- **YOUR GOAL**: Once the pictures are set aside, repeat all of the data below exactly.

*** RAW DATA Section Begins ***

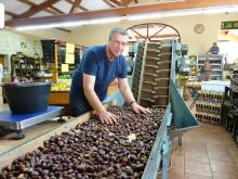 Frèdèric Lavesque (links im Bild) besitzt in dem kleinen Ort Largentiere einen Supermarkt, handelt mit der Edelkastanie und hat natürlich einige ihrer Sorten im Angebot. Immerhin liefert er in andere Teile Frankreichs pro Jahr 150 Tonnen der Kastanien.
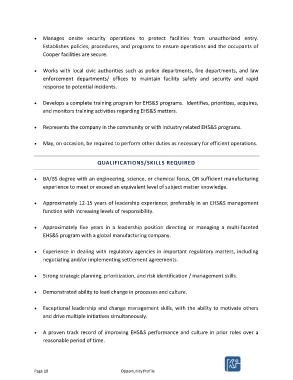 • A proven track record of improving EHS&S performance and culture in prior roles over a
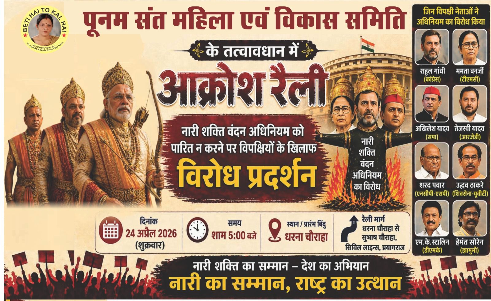 Prayagraj: The Madhya Pradesh unit of the Poonam Sant Mahila Evam Vikas Samiti is organizing an “Aakrosh Rally and Protest Demonstration” on April 24, 2026, at 5:00 pm at Dharna Chowraha, Civil Lines, Prayagraj, to protest the non-passage of the Nari Shakti Vandan Act. The rally will be held from Dharna Chowraha to Subhash Chowraha, Civil Lines, Prayagraj, and will be attended by hundreds of women, committee members, office bearers, and dignitaries, informed Abhishek Sant, National Secretary, Poonam Sant Mahila Evam Vikas Samiti

*** RAW DATA Section Ends ***

- **ANSWER SECTION**:
 Frèdèric Lavesque (links im Bild) besitzt in dem kleinen Ort Largentiere einen Supermarkt, handelt mit der Edelkastanie und hat natürlich einige ihrer Sorten im Angebot. Immerhin liefert er in andere Teile Frankreichs pro Jahr 150 Tonnen der Kastanien.
 • A proven track record of improving EHS&S performance and culture in prior roles over a
 Prayagraj: The Madhya Pradesh unit of the Poonam Sant Mahila Evam Vikas Samiti is organizing an “Aakrosh Rally and Protest Demonstration” on April 24, 2026, at 5:00 pm at Dharna Chowraha, Civil Lines, Prayagraj, to protest the non-passage of the Nari Shakti Vandan Act. The rally will be held from Dharna Chowraha to Subhash Chowraha, Civil Lines, Prayagraj, and will be attended by hundreds of women, committee members, office bearers, and dignitaries, informed Abhishek Sant, National Secretary, Poonam Sant Mahila Evam Vikas Samiti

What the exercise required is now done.